● AVAILABLE DATA
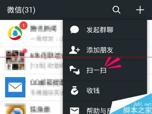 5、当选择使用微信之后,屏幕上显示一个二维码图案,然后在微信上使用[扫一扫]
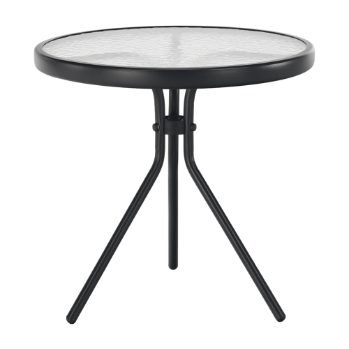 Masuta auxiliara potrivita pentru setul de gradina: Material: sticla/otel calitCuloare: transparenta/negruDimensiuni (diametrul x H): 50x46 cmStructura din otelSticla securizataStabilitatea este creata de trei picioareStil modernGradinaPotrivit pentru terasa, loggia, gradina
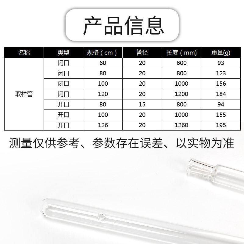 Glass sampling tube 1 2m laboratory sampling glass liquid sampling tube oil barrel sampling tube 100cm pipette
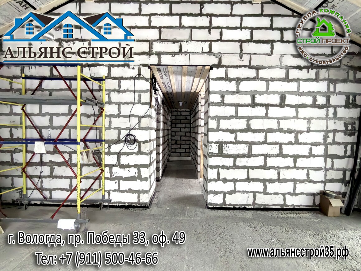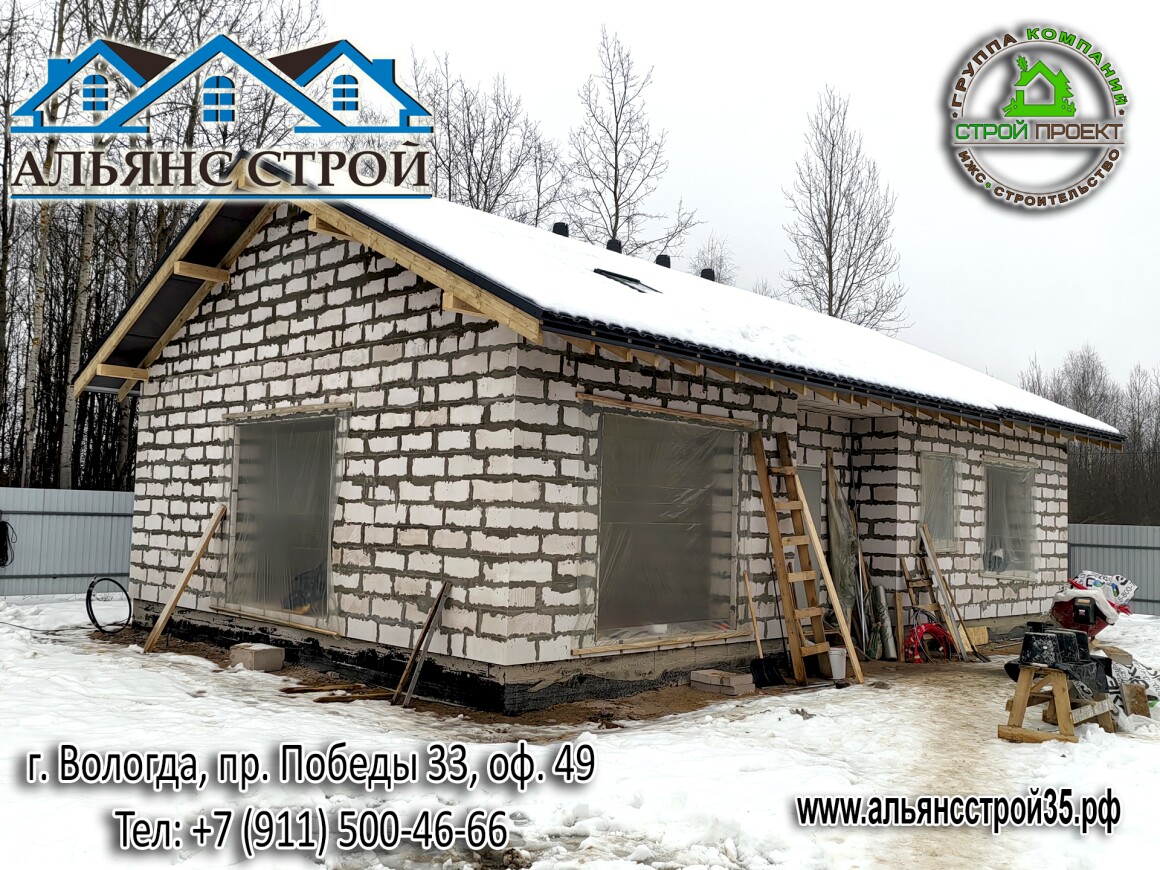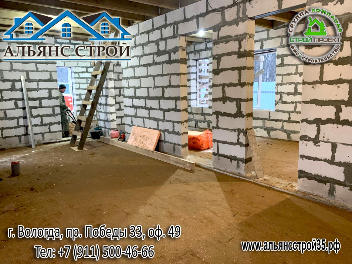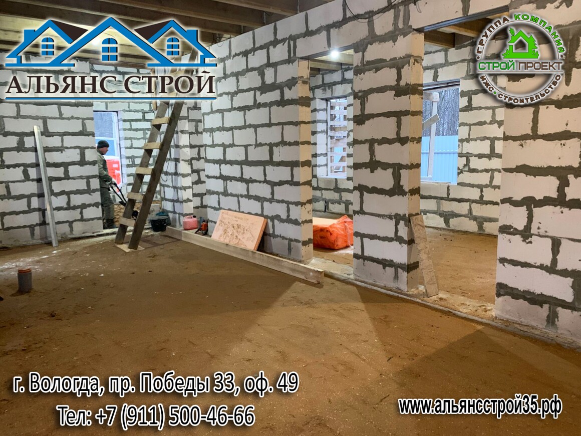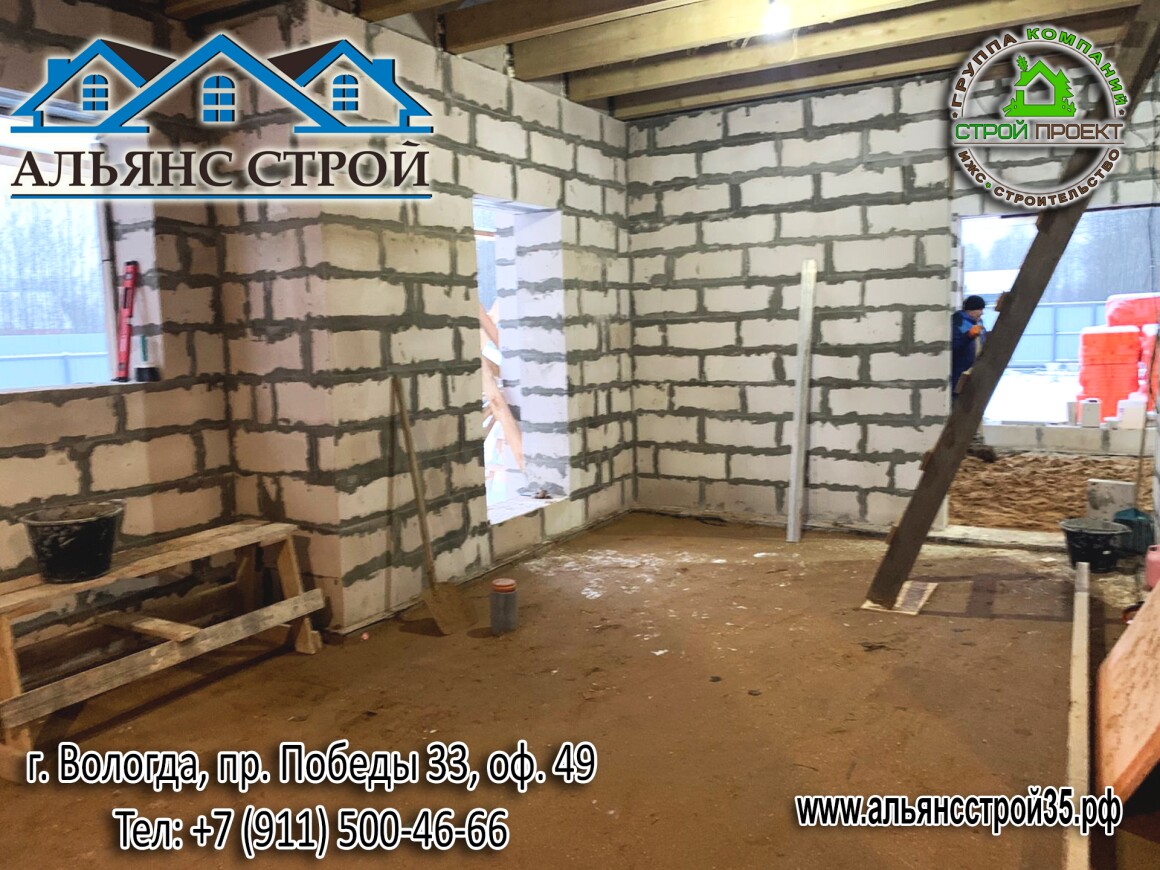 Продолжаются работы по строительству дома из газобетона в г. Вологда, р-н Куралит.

● INSTRUCTIONS TO FOLLOW
None of the pictures should appear; copy the rest of the material above exactly.

● COMPLETED EXERCISE
 5、当选择使用微信之后,屏幕上显示一个二维码图案,然后在微信上使用[扫一扫]
 Masuta auxiliara potrivita pentru setul de gradina: Material: sticla/otel calitCuloare: transparenta/negruDimensiuni (diametrul x H): 50x46 cmStructura din otelSticla securizataStabilitatea este creata de trei picioareStil modernGradinaPotrivit pentru terasa, loggia, gradina
 Glass sampling tube 1 2m laboratory sampling glass liquid sampling tube oil barrel sampling tube 100cm pipette
 Продолжаются работы по строительству дома из газобетона в г. Вологда, р-н Куралит.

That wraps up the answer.